3.24.2009

The current wrestling match


I have been thinking a lot for the past two days about vision.
About calling.
About the Will of God.

I have noticed that I seem to get highly frustrated with the people in my life who are Christians and don't seem to be walking down the road into the destiny that God wants for them.
On one hand, who am I to know what God has called them to?
On the other hand, what kind of friend am I if I kick back and keep my mouth shut.
I have a really hard time with the concept of judgement. In the Bible it talks about not judging non-Christians because they are not held to the same values as Christians are. I feel like I have no problem accepting the people who don't claim Jesus as a way of life.

Our world is screaming 'DON'T judge me'! and for the world as a secular entity, I feel like I do a good job of not judging those that don't claim grace. If you don't claim to follow Christ then I understand why your life may look very different than mine... you would have no reason to follow a bunch of "rules" that you don't even believe in.

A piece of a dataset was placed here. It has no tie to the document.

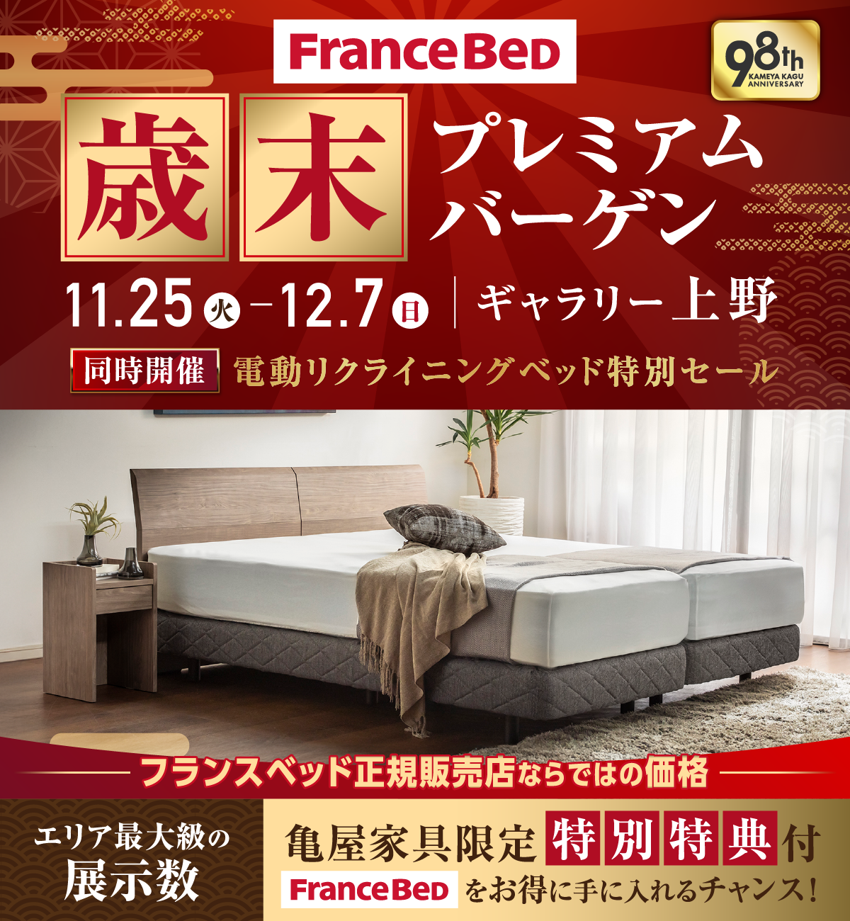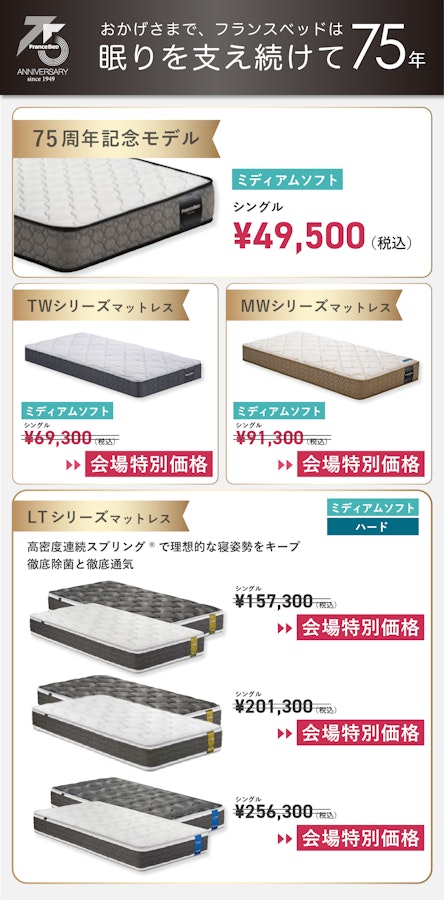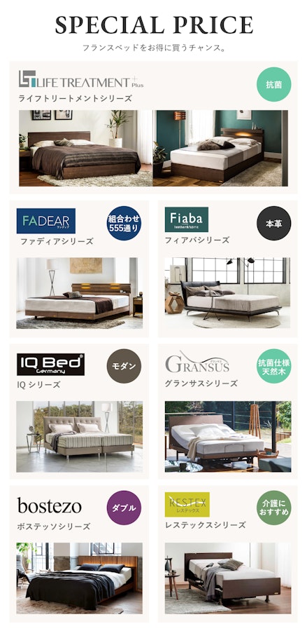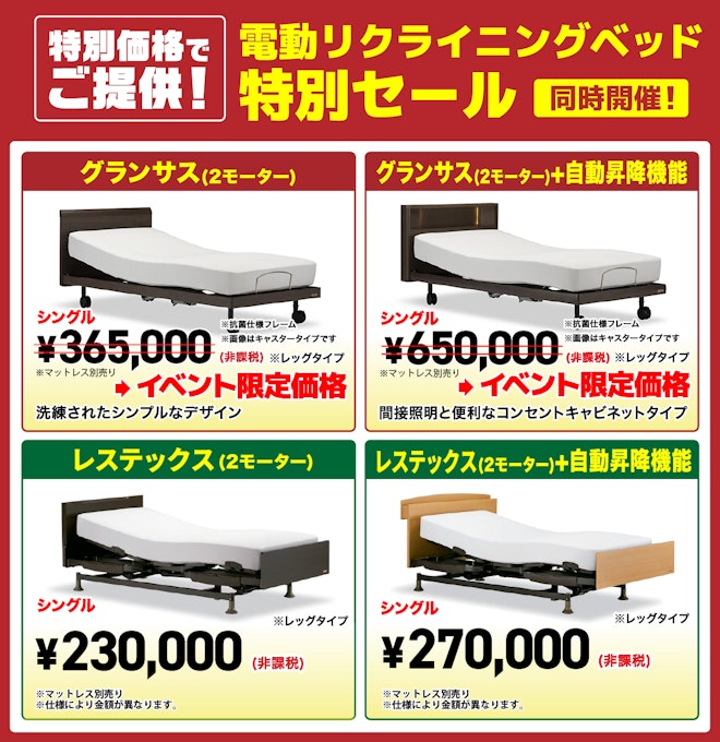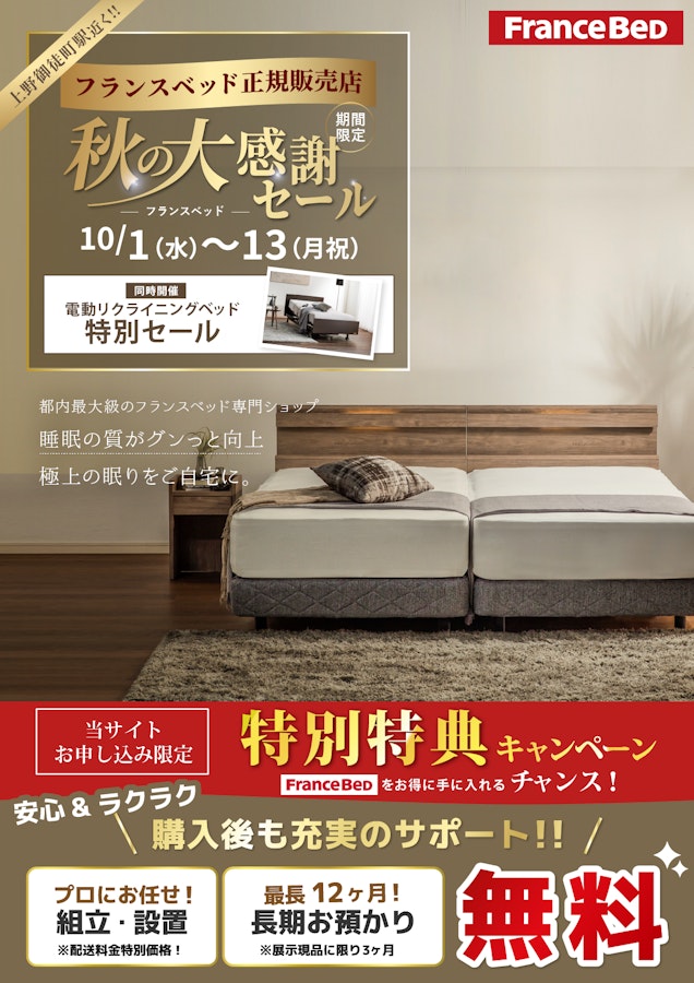 フランスベッドのすべてのマットレス・ベッドフレーム・電動リクライニングベッド・羽毛布団・寝装品を「特別価格」にてご提供!

However, Jesus calls us to hold our brothers and sisters accountable. A friend pointed out today that accountability is a form of judgement that is righteous- God wants us to do that as long as we first hold our selves to the same measure and as long as our motives are rooted in love.
Let me just tell you... I am not a fan of confrontation. I don't like stepping on toes. I don't like hurting feelings. I am a people pleaser to the MAX.
But God tells us to call each other out in love.
I have a lot to learn about how to lovingly call out.
My past (for all of my long lasting friends who have seen my tainted humanity take over) reflects many good motives, a few not so good motives, and generally- terrible attempts to lovingly call people out.
I am still learning.. and will be for the rest of my life.
But here is the thing.... for so long I told myself, "Caroline, don't judge, don't judge" and it became a very bad thought process.
I saw myself turn into a passive and overly accepting person. I was tolerating things that were clearly not what God had in mind.
I'm still wrestling with the fact that I feel God pulling my heart strings telling me to be bold in love and out of love to call things out.

I know for the most part my motives are in line. I have been given a heart that mourns for other people. I have taken it as a burden for so long and I am realizing that God wants to use it for good. I look at some of the people I know and see gifts that I envy, potential that I crave to see used for the Kingdom, etc... and when it goes unused, I mourn, I GRIEVE! It would probably destroy me if I let it. I don't want to carry around all this baggage and stress myself out over what people are or aren't doing because it really is not up to me to fix anything or anyone. It just gets ever so complicated when I feel God pushing me to encourage people.

And that is the thing... encouragement is actually a form of loving accountability.
I want to speak life into people. I want to utter words of the Spirit that urge people to turn around and run hard and fast after the things God has placed in front of them.
I'm studying to be a social worker for crying out loud... I am wired in a way that makes me want to empower people.

Anyway,
that is what I am wrestling with at the moment.. encouragement that breeds change for the better. I want to see my Christian friends walk into everything that God has for them... it literally makes me sick to watch people walk around blind to half of their potential.
I feel like I sound bitter and that really isn't the case at all.. It's just a hard concept to grasp... loving people enough to say things that might hurt.